This birth was very different to my last (last was back to back, 48 hours, had an epidural and ventose delivery) -we were in the midwife led unit, still fairly long (20 hours), but a good position, used tens machine followed by a water birth with gas and air. Have a second degree tear but really not as bad as last time, am feeling much better than I'd expected 24 hours post birth! The great thing about being drug free is that they let me come home last night (which is what I wanted) so already feeling settled!

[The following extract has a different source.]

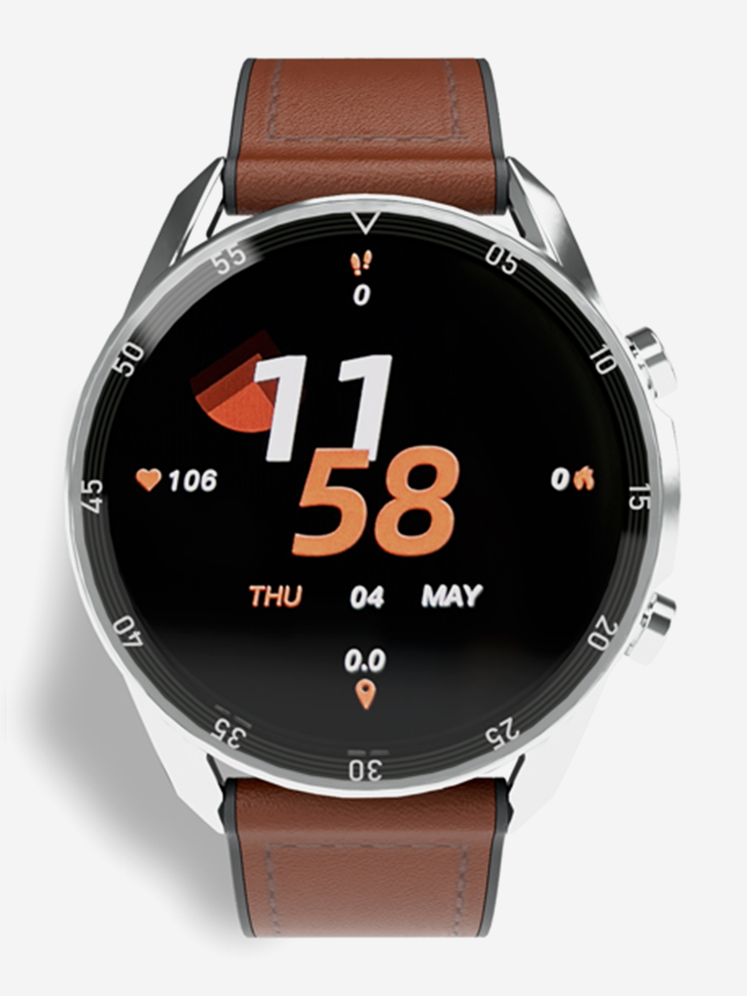 Корпус выполнен из титана, защищён сапфировым стеклом — выглядит солидно и чувствуется надёжно. Часы доступны с титановым браслетом или классическим кожаным ремешком. Дисплей 1,5 дюйма, AMOLED, яркий, контрастный, с хорошей читаемостью даже под солнцем. Управление через две кнопки, одна из которых — вращающаяся, что упрощает навигацию.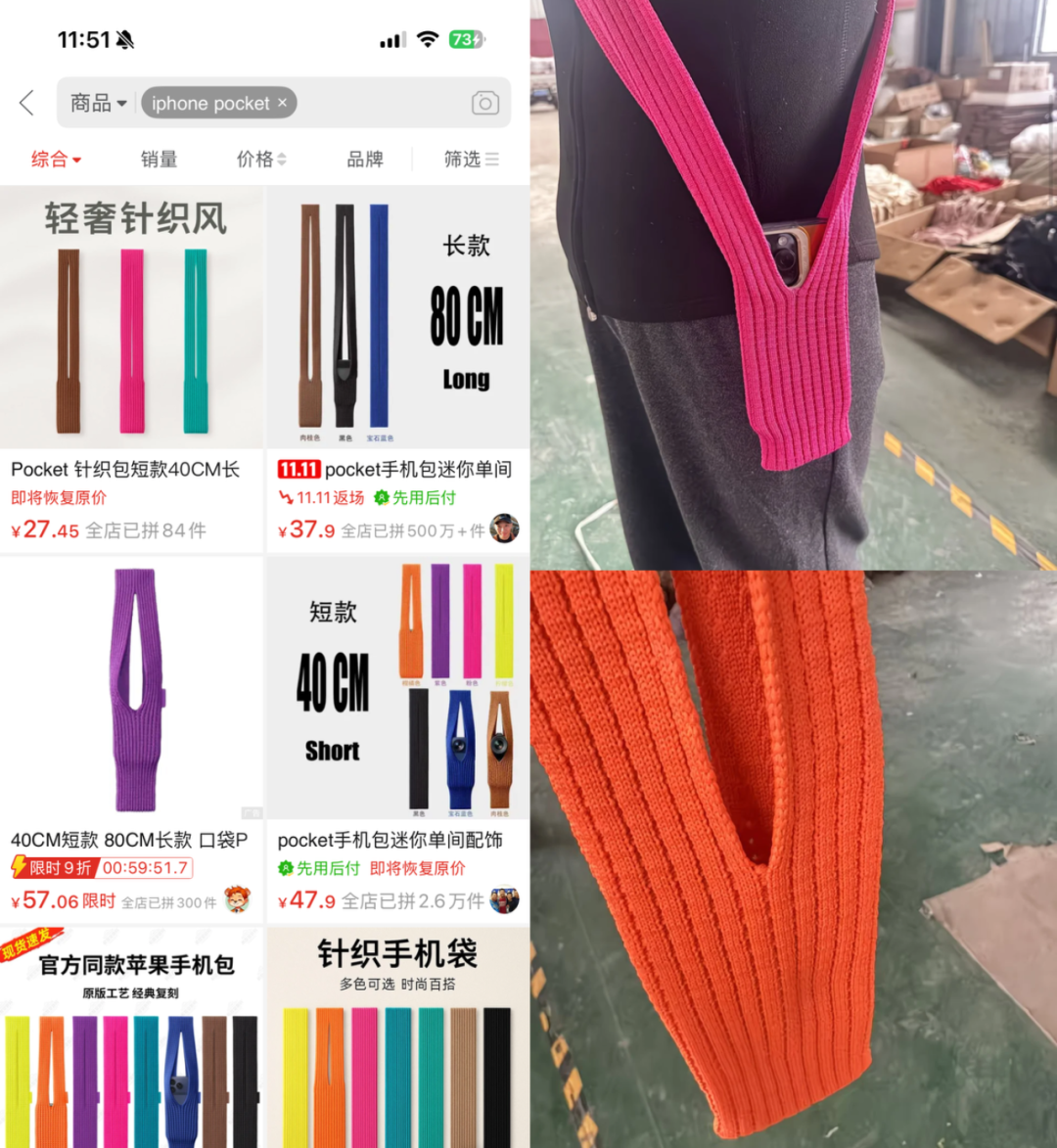 与此同时,电商平台也有不少第三方的iPhone Pocket仿品,售价在30-60元左右,部分为手工编织预售,发货需要一定周期。大家如何评价这个产品?

Anyway, hope you're all well. Not long for you now PollyWolly, how exciting!!

X


----------



## PollyWolly

Congratulations Fifi !!!! I was thinking about you and wondering whether you had had your baby - fantastic news all round!  I am mega excited now!!!! XX


----------



## FifiJJ

Thanks PollyWolly! Can't wait to hear your news  X


----------



## kazza236

Congratulations fifi! Glad it was a better experience 2nd time around  

Sorry I haven't been around ladies, been a pretty pants few weeks. Aside from exhaustion and bad PGP DP's car has been in the shop so have been ferrying him around on top of 9 hour days at work and then some silly bint went into the back of my car a couple of weeks ago! Little bit stressed at the moment which is not helping with getting to sleep. Plus I've been having issues at work - one colleague in her 50's who doesn't have children hasn't taken too kindly to me being pregnant (or having time off after the car accident!!) and is constantly b$tching and moaning which is very draining.this She wanted to know when I was coming back to work as she wanted to take her lieu time before her holiday this week - tough titty lol! Ok, I went back as there's only 3 of us in HR and the other colleague and I get on a lot better  

Oops, got a bit more ranty than I had planned sorry   Luck and Polly - not long now! Fantastic news about getting a donor Jellie, February isn't too far away  And Valentines Day in Vienna too! 

K x


----------



## Luck2014

Aw Fifi,

Fantastic - it's wonderful to have the first birth announcement on this thread.  What weight was he?  All the hard work done now and time to enjoy your baby boy.  Yippee!  Hope DH is being kind to you now - know what it's like with pain in the butt men (obviously not all).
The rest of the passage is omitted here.